Человек с юмором, несомненно, нашел бы что-то общее в этой ситуации с моим первым визитом в лабораторию Фауста. Даже кнопку нажал Заргарьян с той же лукавой многозначительностью, и так же включился эскалатор – тогда коридор у входа в лабораторные помещения, сейчас лестница, ведущая с крыши в те же лаборатории. Она плавно поползла вниз, пощелкивая на поворотах.
– Вы разрешите, – улыбнулся он мне, – я объясню все этому ребенку на арго биофизиков. Это будет и точнее, и короче.
Я тщетно пытался понять что-либо в нагромождении незнакомых мне терминов, цифр и греческих букв. Лексика моего Заргарьяна, даже когда он увлекался и забывал о моем присутствии, так не подавляла меня: я что-то в ней уяснял. Но молодой Никодимов схватывал все на лету и поглядывал на меня с нескрываемым любопытством. Он уже не казался мне тяжеловесом и тяжелодумом; я даже подивился легкости, с какой он ринулся в уже знакомую мне «путаницу штепселей, рычагов и ручек».
Впрочем, честно говоря, не так уж знакомую. Все в этом двухсветном зале было крупнее, масштабнее, сложнее, чем в оставшейся где-то в другом пространстве – времени чистенькой лаборатории. Если ту хотя бы приблизительно можно было сравнить с кабинетом врача, то эта напоминала зал управления большого автоматического завода. Только мигающие контрольные лампочки, телевизорные экраны, бессистемно висящие провода да кресло в центре зала в чем-то повторяли друг друга. Впрочем, не больше, пожалуй, чем новый «Москвич» старую «эмку». Я обратил внимание на расположение стекловидных экранов: они выстроились параболой вдоль загибающейся по залу панели, похожей на контрольную панель электронно-счетной машины. Подвижной пульт управления мог, по-видимому, скользить вдоль линии экранов в зависимости от намерений наблюдателя. А наблюдать их можно было с интересом: даже в их теперешнем, нерабочем, состоянии они то поблескивали, то гасли, то мерцали, отражая какое-то внутреннее свечение, то слепо стыли в холодной свинцовой матовости.

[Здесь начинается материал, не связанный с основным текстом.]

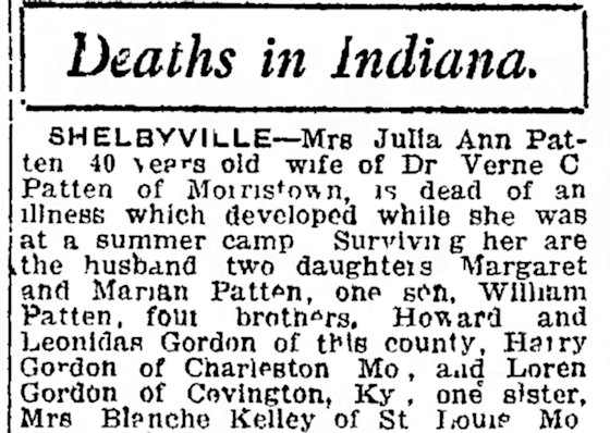 Patten Line-maternal 26 Monday Jun 2017 Original size at 560 × 398 ≈ Comments Off on Julia_Patten_death_IndStar_03Sep1921_ Julia Anne Gordon Patten obit, 1921

– Что, не похоже? – засмеялся Заргарьян. – А что именно?
– Экраны, – сказал я. – У нас они иначе расположены. И шлема нет. – Я указал на кресло.
Шлема действительно не было. И датчиков не было. Я сидел в кресле, как в гостиной, пока Заргарьян не сказал:
– Если сравнить вашу эпопею с шахматной партией, вы в цейтноте. Дебют вы разыграли у себя в пространстве. В нашем мире у вас начался миттельшпиль. Причем без всякой надежды на выигрыш. Вы сразу поняли, что никаких сувениров, кроме беспорядочных впечатлений, с собой не привезете. Иначе говоря, еще одна неудача. Сколько раз мы с Игорем были в таком положении! Сколько бессонных ночей, ошибочных расчетов, неоправданных надежд, пока не нашелся наконец мозг-индуктор с математическим развитием. Привез в памяти формулу – так даже академики ахнули! Теперь она известна как уравнение Яновского и применяется при расчетах сложнейших космических трасс. К великому сожалению, ваша память тут вам не поможет. И вот появляется спасительный вариантик: вы встречаете меня. Загорается свечечка надежды, тоненькая свечечка, но загорается. Тут торопиться надо, еще эндшпиль предстоит, а вы в цейтноте, дружище. Все мы в цейтноте. Напряжение поля на пределе, вот-вот начнет падать – и бенц! Одиссей возвращается на Итаку. Игорь! – крикнул он. – Закругляйтесь, пора! – Тут он вздохнул и добавил каким-то погасшим голосом: – Пора прощаться, Сергей Николаевич. Доброго пути! На другую встречу, пожалуй, нам уж рассчитывать нечего.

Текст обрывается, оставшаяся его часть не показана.